Extract, exactly and without pictures, every line from the one that includes "Several small radio" through the final line of the material below.

## The data
- - -

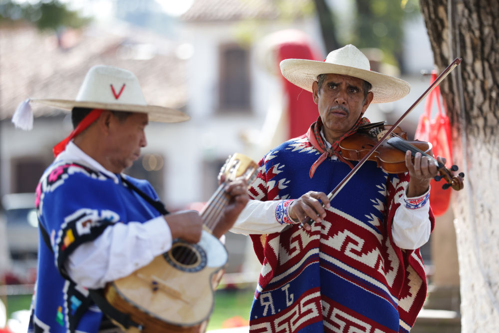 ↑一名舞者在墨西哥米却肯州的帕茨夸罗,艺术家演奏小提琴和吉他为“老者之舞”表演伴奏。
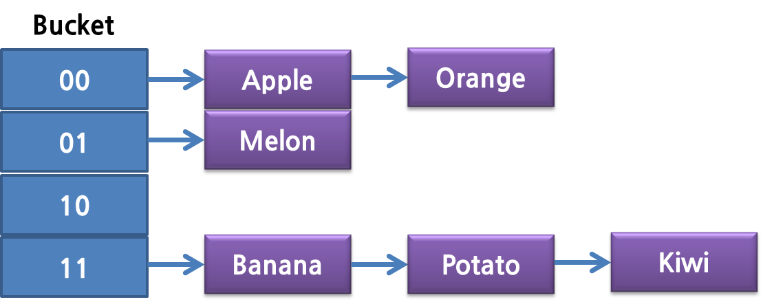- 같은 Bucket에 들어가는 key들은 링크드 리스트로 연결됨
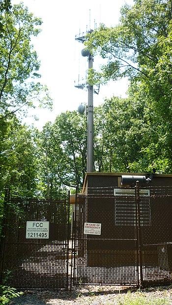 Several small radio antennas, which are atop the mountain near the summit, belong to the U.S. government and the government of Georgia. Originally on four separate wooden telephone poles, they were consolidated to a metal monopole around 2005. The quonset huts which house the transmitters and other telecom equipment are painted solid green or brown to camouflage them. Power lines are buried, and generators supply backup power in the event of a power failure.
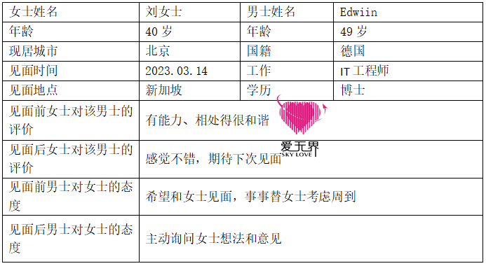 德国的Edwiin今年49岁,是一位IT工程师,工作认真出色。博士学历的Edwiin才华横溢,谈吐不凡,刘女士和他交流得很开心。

- - -

## Answer section
 Several small radio antennas, which are atop the mountain near the summit, belong to the U.S. government and the government of Georgia. Originally on four separate wooden telephone poles, they were consolidated to a metal monopole around 2005. The quonset huts which house the transmitters and other telecom equipment are painted solid green or brown to camouflage them. Power lines are buried, and generators supply backup power in the event of a power failure.
 德国的Edwiin今年49岁,是一位IT工程师,工作认真出色。博士学历的Edwiin才华横溢,谈吐不凡,刘女士和他交流得很开心。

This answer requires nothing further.